§ **Data below**:
- Opening Delimiter -

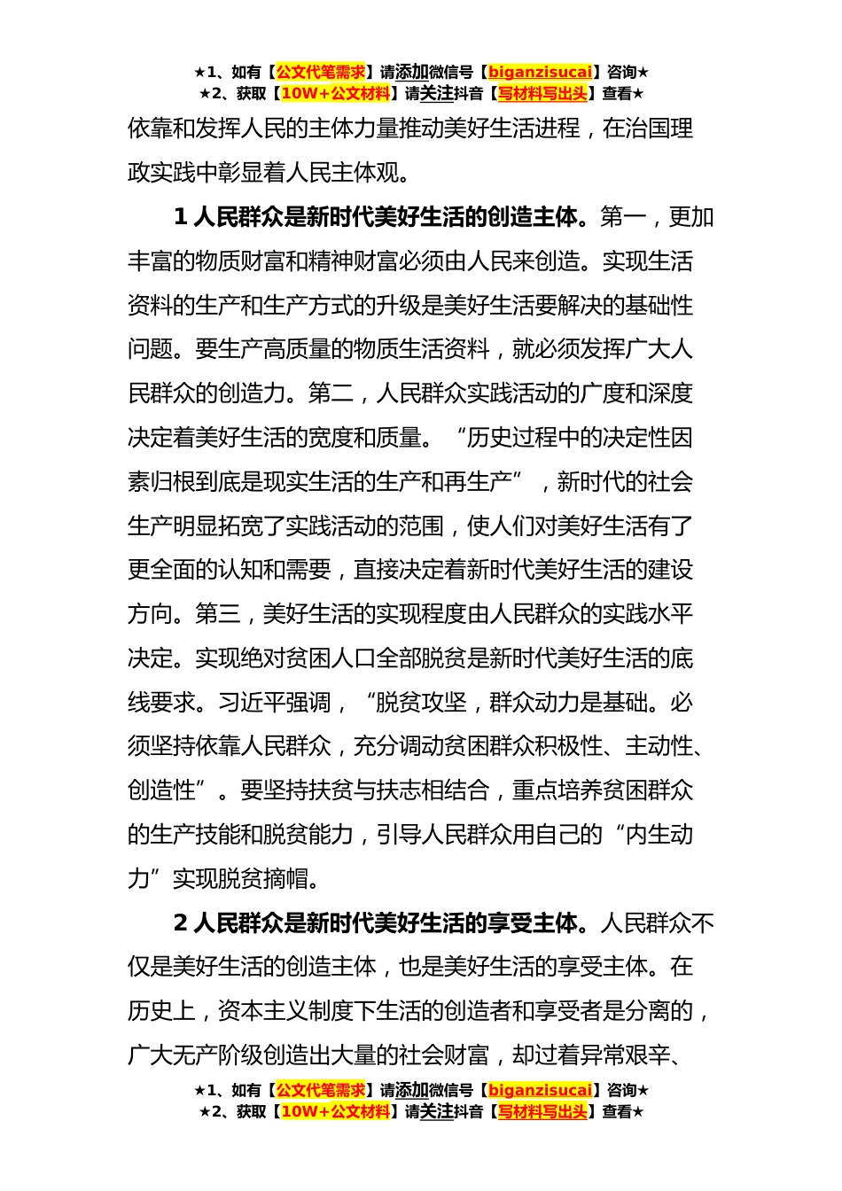★1、如有【公文代笔需求】请添加微信号【biganzisucai】咨询★★2、获取【10W+公文材料】请关注抖音【写材料写出头】查看★党课:新时代中国共产党美好生活思想的核心内容带领人民创造更加幸福美好的生活是中国共产党的初心使命与责任担当,也是中国特色社会主义价值原则的根本体现,更是中华民族伟大*历史伟业的价值归宿和最终落脚点。“美好生活”既是一个不断生成、发展和完善的历史性概念,又是一个不断发展和进阶以趋向无限美好的历史性过程。新时代,中国共产党把实现人民对美好生活的向往作为奋斗目标,人民美好生活凸显为一条明线标定、调整、检验着党和国家的一切政策和行动。立足新的时代特点,站在实现中华民族伟大*的高度,中国共产党坚持以人民为中心,从主体论、目的论、动力论、保障论等方面构筑...
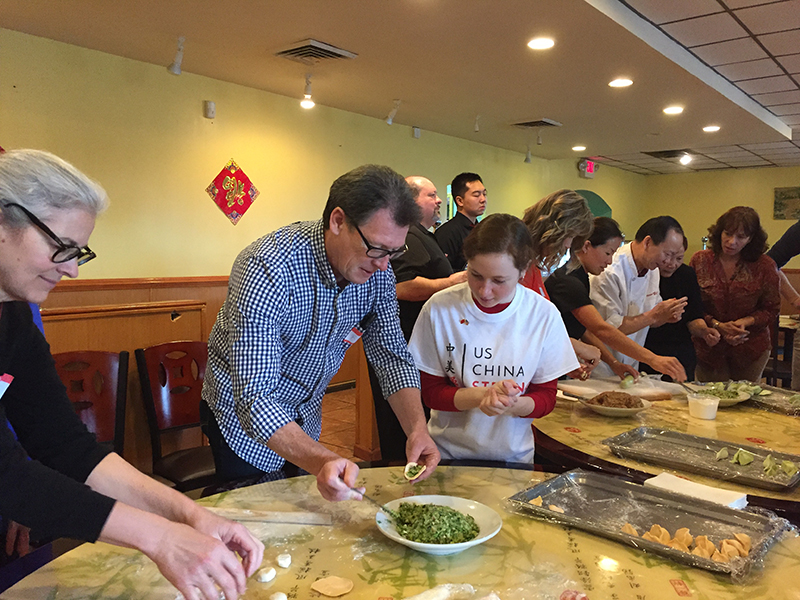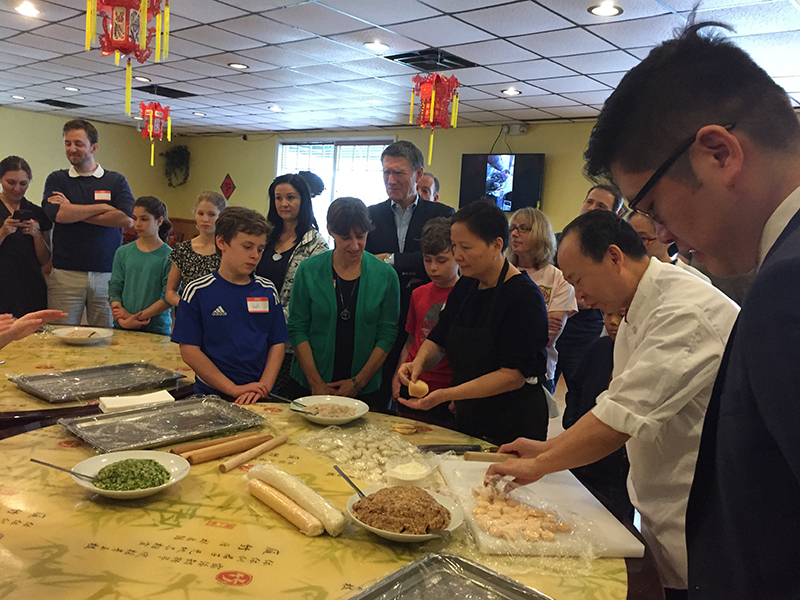 2月25日,威玛孔院协助当地著名中餐厅Peter Chang举办了新年包饺子活动。“中美强基金会”首席执行官John Holden亲临现场并发表讲话,”中美强基金会”青少年大使、2017年全美人文交流奖获得者宝玲担任本次活动的翻译,美国著名中餐厅大厨Peter Chang及其夫人一同教授到场美国民众包饺子。
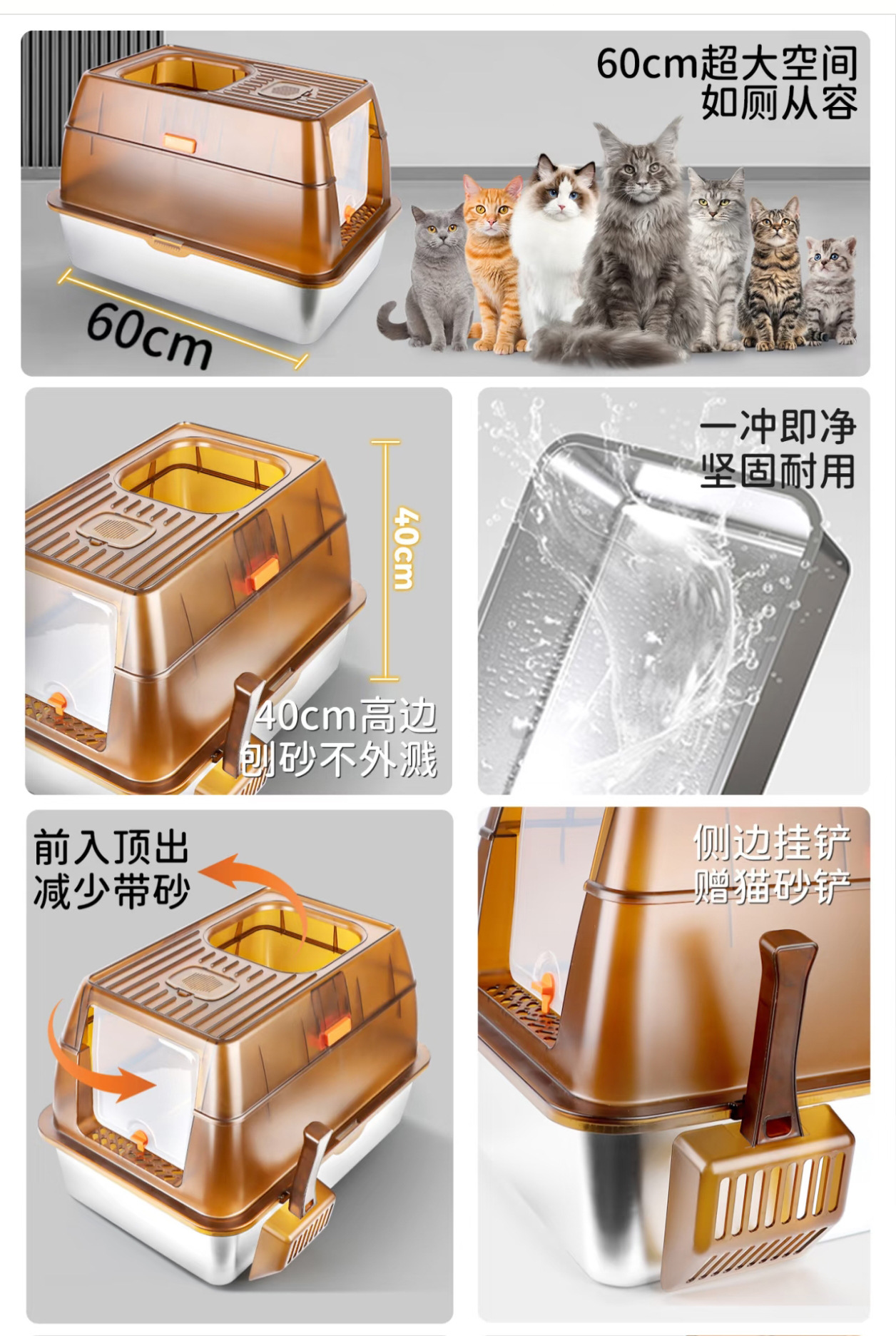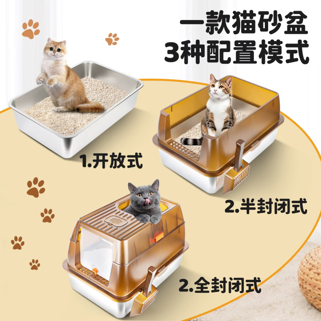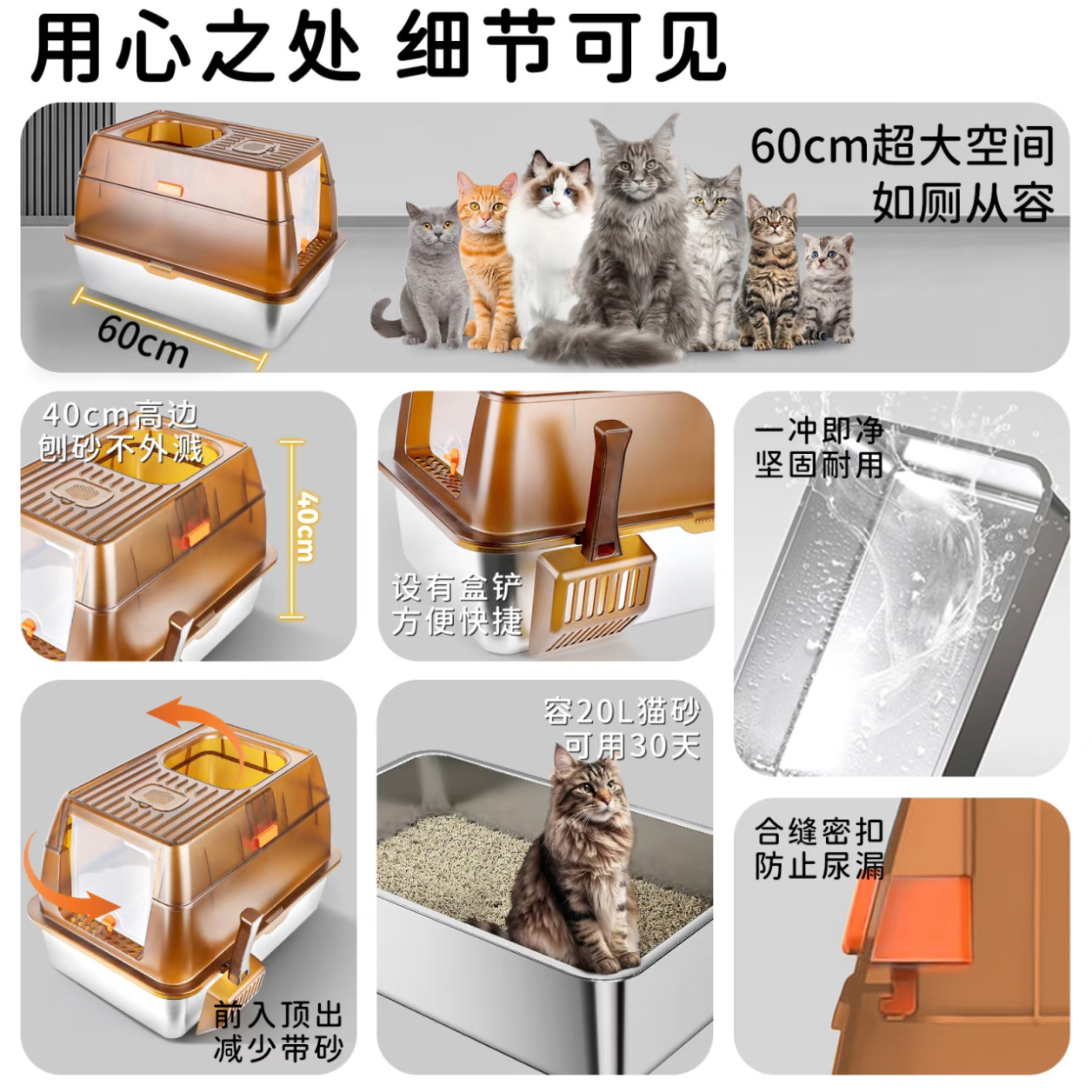 완전 밀폐 된 스테인레스 스틸 고양이 쓰레기 상자 대형 탈취제 대형 고양이 화장실 폐쇄 고양이 쓰레기 상자 애완 동물 용품 도매스토어 가기

- Closing Delimiter -

Return the listing above in full and unaltered. Keep the pictures out.

§ **Result of this task**:
★1、如有【公文代笔需求】请添加微信号【biganzisucai】咨询★★2、获取【10W+公文材料】请关注抖音【写材料写出头】查看★党课:新时代中国共产党美好生活思想的核心内容带领人民创造更加幸福美好的生活是中国共产党的初心使命与责任担当,也是中国特色社会主义价值原则的根本体现,更是中华民族伟大*历史伟业的价值归宿和最终落脚点。“美好生活”既是一个不断生成、发展和完善的历史性概念,又是一个不断发展和进阶以趋向无限美好的历史性过程。新时代,中国共产党把实现人民对美好生活的向往作为奋斗目标,人民美好生活凸显为一条明线标定、调整、检验着党和国家的一切政策和行动。立足新的时代特点,站在实现中华民族伟大*的高度,中国共产党坚持以人民为中心,从主体论、目的论、动力论、保障论等方面构筑...
 2月25日,威玛孔院协助当地著名中餐厅Peter Chang举办了新年包饺子活动。“中美强基金会”首席执行官John Holden亲临现场并发表讲话,”中美强基金会”青少年大使、2017年全美人文交流奖获得者宝玲担任本次活动的翻译,美国著名中餐厅大厨Peter Chang及其夫人一同教授到场美国民众包饺子。
 완전 밀폐 된 스테인레스 스틸 고양이 쓰레기 상자 대형 탈취제 대형 고양이 화장실 폐쇄 고양이 쓰레기 상자 애완 동물 용품 도매스토어 가기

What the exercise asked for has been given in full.